I have been working primarily with non-model organisms (and mostly inbred-mapping populations, but that's a topic for a different discussion). To recalibrate base qualities, I have taken the approach of running through the Indel Realignment, SNP, and INDEL calling. Then, filtering around INDELs. I use multi-sample VCFs and have taken the following approach to recalibrate base quality: I grab the top 90th percentile SNPs from all SNPs in my filtered SNP VCF file (based on ALTQ), then I pull out these top SNPs for each SAMPLE in the VCF file (in my case I usually have between 100-300 samples) and write to SEPARATE VCF files for each SAMPLE if the GQ > 90 and it's a SNP for that sample. I then use these SAMPLE HQ VCF files for the BQSR tools.
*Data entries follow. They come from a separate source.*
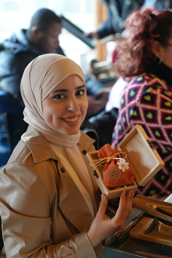 An expat displays a handmade sachet, experiencing traditional Chinese handicrafts firsthand. [Photo provided to chinadaily.com.cn]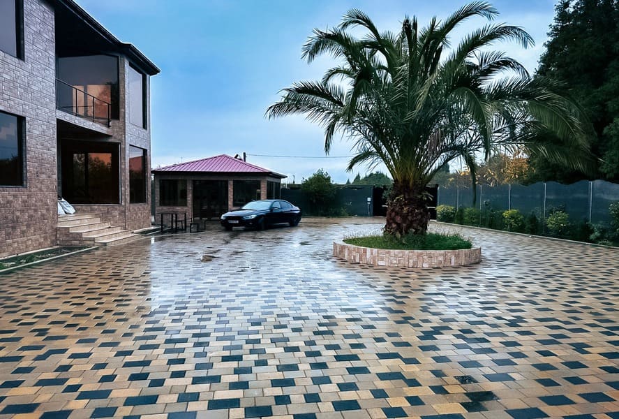 The yard is tiled, which gives the plot a well-groomed appearance and simplifies its maintenance.
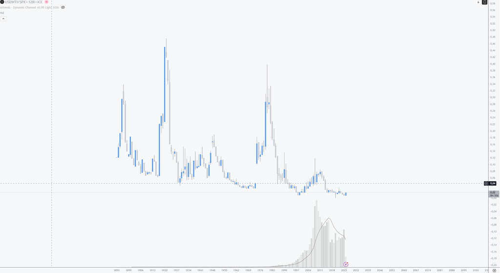 L'indice s&p 500 ayant surperformé le pétrole, il est normal que la fraction/paire oil/s&p ai été baissière (augmentation du dénominateur)

I have a simple python script for this located here
usage: GetHighQualVcfs.py [-h] -i INFILE -o OUTDIR [--ploidy PLOIDY] [--GQ GQ] [--percentile PERCENTILE] Split multi-sample VCFs into single sample VCFs of high quality SNPs. optional arguments: -h, --help show this help message and exit -i INFILE, --infile INFILE Multi-sample VCF file -o OUTDIR, --outdir OUTDIR Directory to output HQ VCF files. --ploidy PLOIDY 1 for haploid; 2 for diploid --GQ GQ Filters out variants with GQ < this limit. --percentile PERCENTILE Reduces to variants with ALTQ > this percentile.
Thoughts? Concerns? Perhaps I'm going about this in a completely wrong way?